Переплет эпохи Реставрации работы Ж. Тувенена

Тувенен умер в расцвете своего таланта; Тувенен умер, мечтая об усовершенствованиях, которые он, и, быть может, только он один, мог бы изобрести; Тувенен умер нищим, ибо, как все талантливые люди, он мало смыслил в делах и был из числа тех, кто прокладывает новый путь, но никогда не проходит его до конца. Так уж заведено от века: тому, кто прозревает внутренним взором землю обетованную, не суждено ее обрести.

Но переплетное искусство не умерло со смертью Тувенена. У мастера нашлись удачливые последователи, он воспитал много способных учеников и поднял переплетное дело на недосягаемую для наших европейских соседей высоту. Даже Англия, которая еще четверть века назад так сильно превосходила нас в этой области, теперь может соперничать с нами только в отношении сырья, которого мы лишены{146} по бессмысленной скупости властей. Это блестяще доказала последняя выставка промышленных товаров, и я с радостью отдал бы должное участвовавшим в ней выдающимся талантам, если бы не боялся вторгнуться в область одного из моих коллег и тем самым нарушить приличия. Самое большее, что я могу себе позволить, это присоединить свой слабый голос к той оценке, которую мой коллега дал трудам господина Симье; этот переплетчик достойно продолжает дело своего почтенного отца, одного из тех, кому мы обязаны возрождением французского переплета.

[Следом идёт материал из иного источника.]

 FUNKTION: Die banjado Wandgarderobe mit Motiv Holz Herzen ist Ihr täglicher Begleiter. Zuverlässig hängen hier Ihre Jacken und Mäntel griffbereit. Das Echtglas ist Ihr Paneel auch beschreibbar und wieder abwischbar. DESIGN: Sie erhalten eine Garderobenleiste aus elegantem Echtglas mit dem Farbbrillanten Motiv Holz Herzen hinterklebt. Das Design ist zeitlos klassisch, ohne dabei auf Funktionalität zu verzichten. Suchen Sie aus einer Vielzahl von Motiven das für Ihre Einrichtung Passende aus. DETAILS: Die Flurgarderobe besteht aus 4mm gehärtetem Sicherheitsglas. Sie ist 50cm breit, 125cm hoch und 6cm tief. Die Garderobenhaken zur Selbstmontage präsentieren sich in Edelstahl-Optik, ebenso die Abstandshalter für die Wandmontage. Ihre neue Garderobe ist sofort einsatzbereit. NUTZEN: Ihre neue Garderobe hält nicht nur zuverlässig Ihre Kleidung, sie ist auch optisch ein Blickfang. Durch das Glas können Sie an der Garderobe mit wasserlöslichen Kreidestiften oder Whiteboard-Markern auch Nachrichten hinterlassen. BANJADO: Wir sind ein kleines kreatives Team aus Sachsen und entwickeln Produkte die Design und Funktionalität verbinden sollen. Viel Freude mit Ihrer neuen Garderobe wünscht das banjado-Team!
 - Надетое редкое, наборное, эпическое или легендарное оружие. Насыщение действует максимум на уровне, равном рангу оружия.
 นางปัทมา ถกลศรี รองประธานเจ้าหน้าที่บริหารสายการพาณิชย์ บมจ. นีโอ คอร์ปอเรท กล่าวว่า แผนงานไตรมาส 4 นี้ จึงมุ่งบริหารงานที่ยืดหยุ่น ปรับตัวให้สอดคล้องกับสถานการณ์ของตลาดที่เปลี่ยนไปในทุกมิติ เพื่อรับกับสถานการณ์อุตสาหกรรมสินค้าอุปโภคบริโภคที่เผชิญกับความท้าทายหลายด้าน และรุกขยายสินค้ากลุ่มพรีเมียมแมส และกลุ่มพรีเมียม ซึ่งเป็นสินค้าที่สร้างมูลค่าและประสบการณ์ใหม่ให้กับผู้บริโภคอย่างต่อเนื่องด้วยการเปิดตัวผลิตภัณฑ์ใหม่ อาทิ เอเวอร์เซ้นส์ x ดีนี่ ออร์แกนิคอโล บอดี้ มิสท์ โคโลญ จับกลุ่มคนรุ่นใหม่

Два переплетчика не представили своих работ на выставку 1834 года, и скромность их предоставляет мне большую свободу, поэтому я скажу о них несколько слов. Господин Жинен — один из тех зрелых мастеров, кому библиофил может смело доверить самую драгоценную книгу. Прочность материала, изысканность украшений, четкость и изящество исполнения вкупе с недорогой ценой уже много лет привлекают к его работам внимание книгопродавцев и любителей старинных и редких книг. Господин Бозонне{147}, более известный знатокам как преемник Пюргольда, которого он во многих отношениях превзошел, судя по всему, уклонился от чести представить свои работы на всеобщее обозрение с единственной целью — подчеркнуть свое отсутствие, ибо я убежден, что ни один переплетчик не стал бы оспаривать у него пальму первенства. Единственным соперником, достойным господина Бозонне, показал себя Келер, создавший шедевр, который наверняка будет оценен по заслугам; я охотно обратился бы за подтверждением своих слов к Падду, Дерому, Тувенену и даже самому Бозонне — ведь гении чужды зависти.

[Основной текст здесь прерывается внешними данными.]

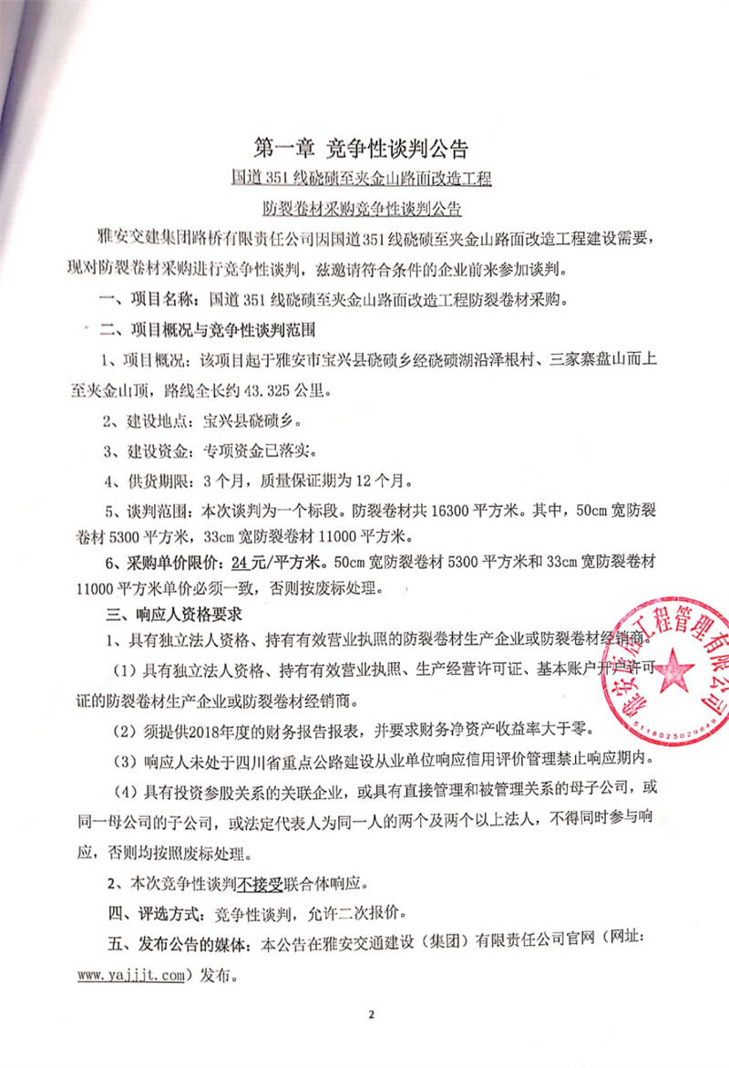 雅安交建集團路橋有限責(zé)任公司國道351線磽磧至夾金山路面改造工程防裂卷材采購競爭性談判公告
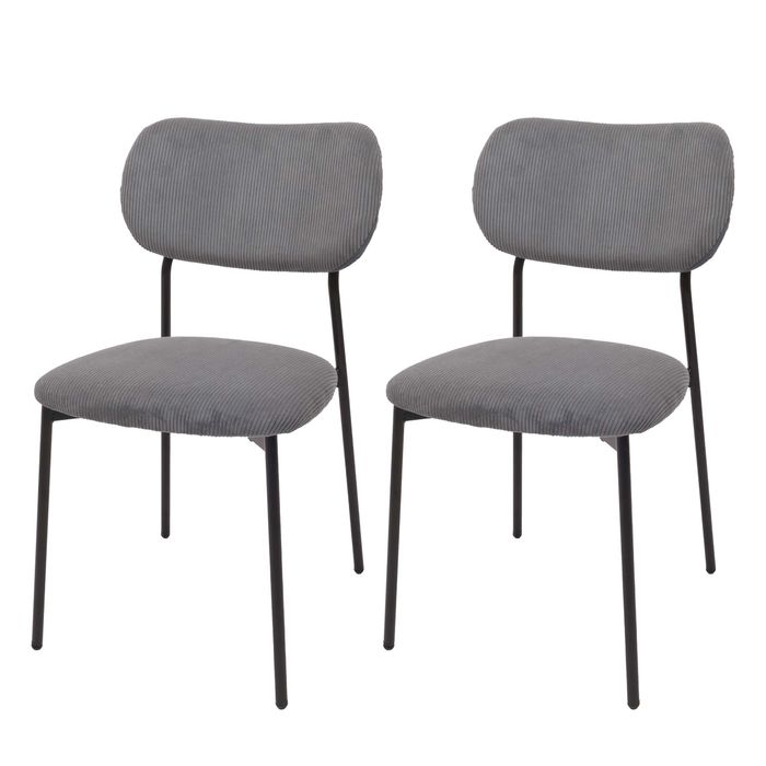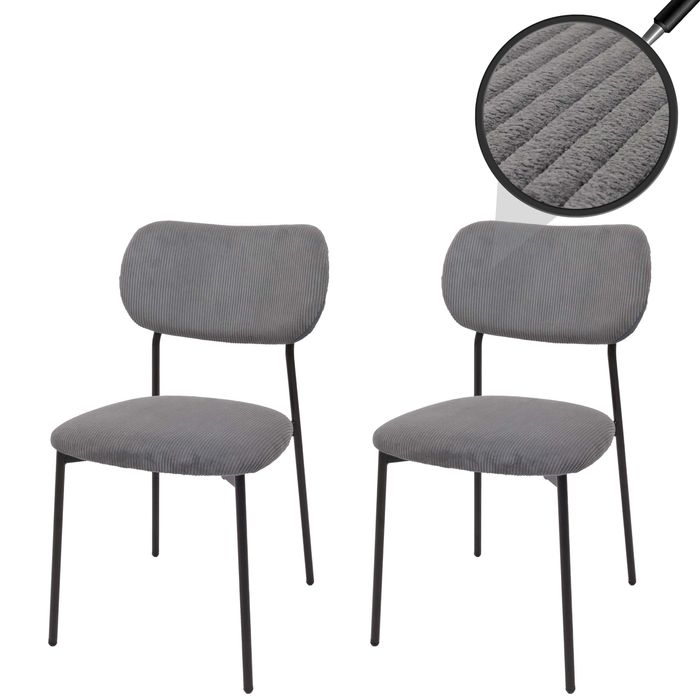 2er-Set Esszimmerstuhl HWC-O26, Cord (330g/m²) Stoff/Textil Metall – dunkelgrau
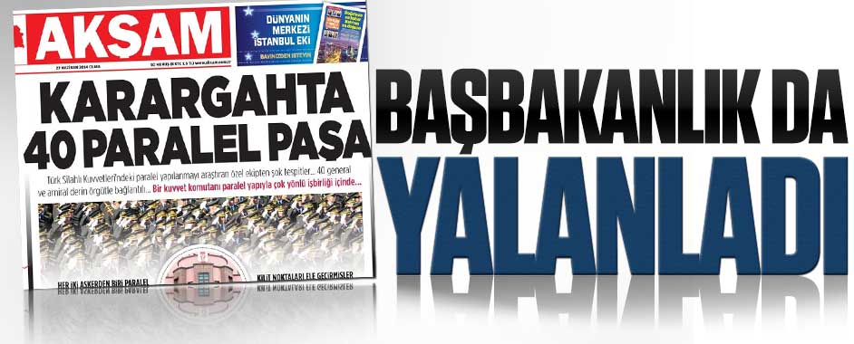Cumhurbaşkanlığı ve TSK’nın ardından Başbakanlık’tan da ‘TSK’daki paralel paşalar’ haberine tepki geldi. Akşam gazetesinin, “Karargahta 40 paralel paşa” başlıklı haberine, Cumhurbaşkanlığı Basın Merkezi ve TSK’nın ardından bir tepki de Başbakanlık’tan geldi. Açıklamada Başbakan’ın talimatıyla özel ekip kurularak TSK’daki paralel paşaların deşifre edildiği iddiası yalanlanarak aksine her türlü gizli yapılanma girişimleri karşısında …
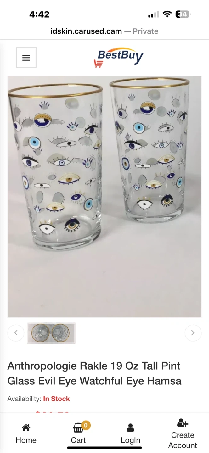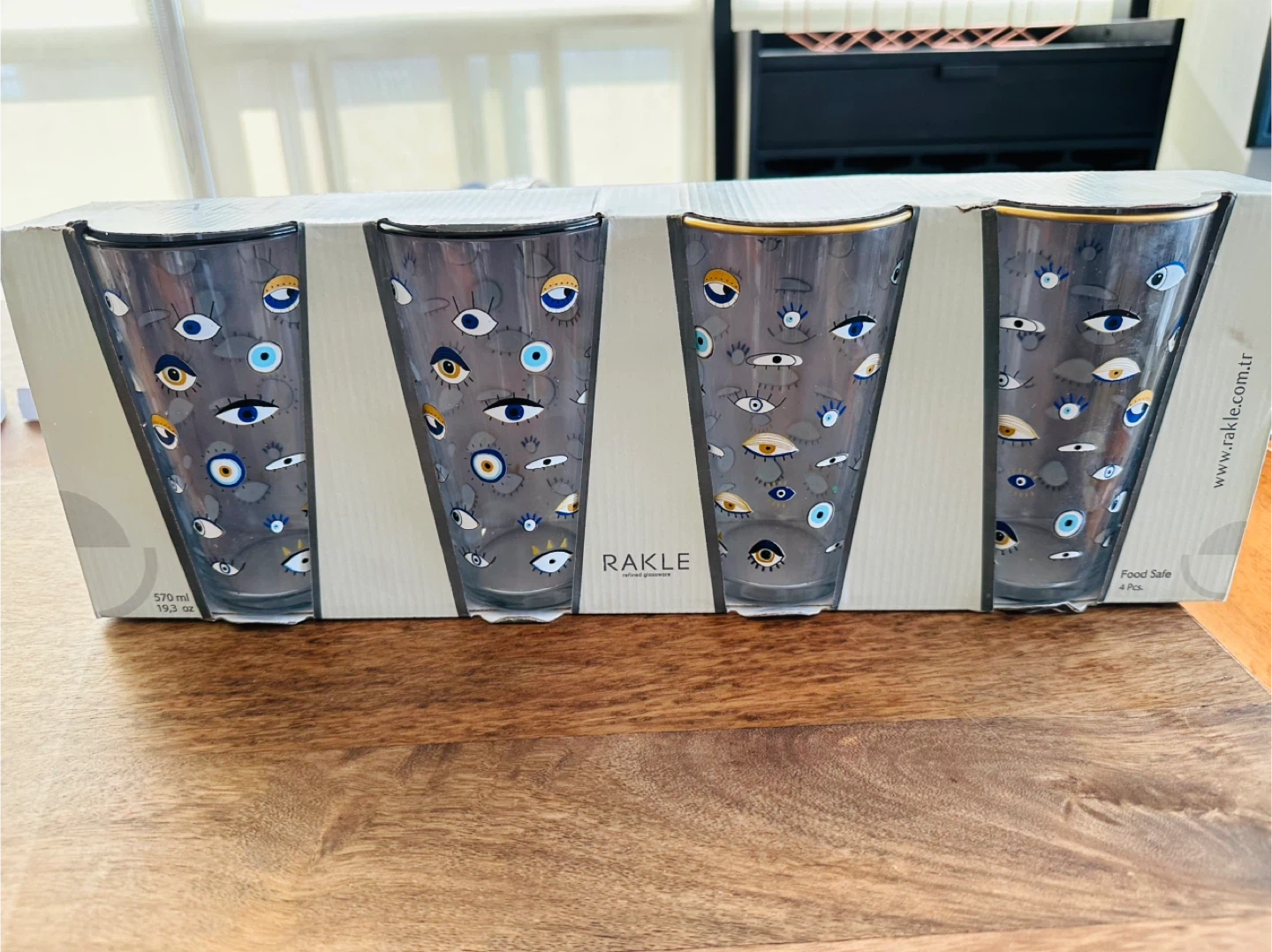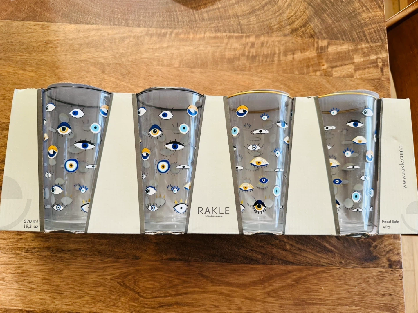 Selling a set of 4 Rakle pint glasses, brand new in the box! These tall glasses feature a unique evil eye design. Each glass holds 570 ml (19.3 oz). They're food safe and ready to use. The box is included!

Келер стремился, чтобы его великолепное Четвероевангелие сравнялось по богатству и совершенству отделки с анонимными переплетами из коллекции казначея Гролье, которые вот уже полстолетия ценятся на вес золота на лондонских аукционах (именно там приходится нынче разыскивать большую часть этих бесценных сокровищ). И Келеру это удалось; если бы не мое величайшее почтение к древности, я бы даже сказал, что он не только сравнялся с предшественниками, но и превзошел их. Никогда еще мастер не создавал переплета с таким благородным узором, таким изящным и чистым рисунком, такой изысканной позолотой, и я был бы несказанно удивлен, если бы в лучших библиотеках Европы нашлось хотя бы два десятка произведений искусства, способных соперничать с этим шедевром, который сейчас, когда я пишу эти строки, уже украшает, вероятно, покои монарха, либо кабинет биржевого маклера. Cuique suum[29]. Не знаю, было ли это чудо французской промышленности представлено на выставке; скорее всего нет, иначе газеты сказали бы о нем хоть полслова. Ведь зная бескорыстие наших газет, их изумительный патриотизм и бесконечную преданность прогрессу, я смею думать, что они только и ждут, как бы потолковать о прекрасном.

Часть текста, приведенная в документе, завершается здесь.